Gregor Mendel's findings, which described genes for the first time, supplemented and confirmed Darwin’s conclusions. Darwin’s theory and Mendel’s principles of heredity have been the status quo in genetics since then, while Lamarck’s theory was consigned to the dustbin of history.
It’s much more than just our genetic code
Research over past years indicates that we may have to exhume Lamarck’s theory however.
We carry about 20,000 identical genes in every cell of our body. Together, they form our genetic blueprint. But the human body has around 200 different cell types, all derived from one kind of stem cell. A specific gene regulation system is the only obvious explanation for this variability. This mechanism is called epigenetics, which refers to a process that coordinates how and to what extent gene information is used in each cell. Epigenetic changes regulate the gene expression while the DNA sequence, our genetic code, remains unaffected.
Small appendages do the job
Epigenetics functions as a 2nd information level of the DNA. Small molecules, the methyl groups, bind to the DNA and fold it in a specific way. This more or less opens up the genes to access by the enzymes, which translate them into proteins. The DNA-methylation patterns are passed from one cell generation to the next, thus guaranteeing that all cells of an organ or with a specific function produce only new cells with the same identity. These patterns also allow the body to interact with the environment and respond to changing influences in a flexible manner. Nutrition and stress can alter the epigenetic pattern for instance.
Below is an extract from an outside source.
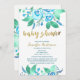 Elegante Blumenblauer Rose Wasserfarben Babydusche Einladung

What parents may pass on to their kids
This begs the question, to what extent are epigenetic factors passed from one human generation to the next? For decades, the genetic gospel held that the information parents pass on to their children is defined by their DNA sequences. Increasing evidence suggests that epigenetic factors are inherited as well. Genes appear to have a multi-generational memory. Recent studies demonstrate that parents with high-fat diets can influence the metabolism of their children and even their grandchildren. Another example is stress. Babies whose mothers were abused during pregnancy developed long-lasting epigenetic changes that were detectable until their teen years.
Epigenetics has the potential to offer diverse opportunities for the innovative treatment of diseases. The idea that scientists could one day cure specific illnesses before an outbreak by simply modulating the epigenetic patterns that are identified as the cause is not too far-fetched. Even cancer treatment could benefit. The targeted methylation of cancerogenic DNA sequences could be used to deactivate oncogenes, thus killing the cells or stopping them from propagating.
Much work lies ahead of us before we can fully understand epigenetic mechanisms and their effects. In the end, we may discover that genetics is simply a mixture of Darwin’s and Lamarck’s concepts.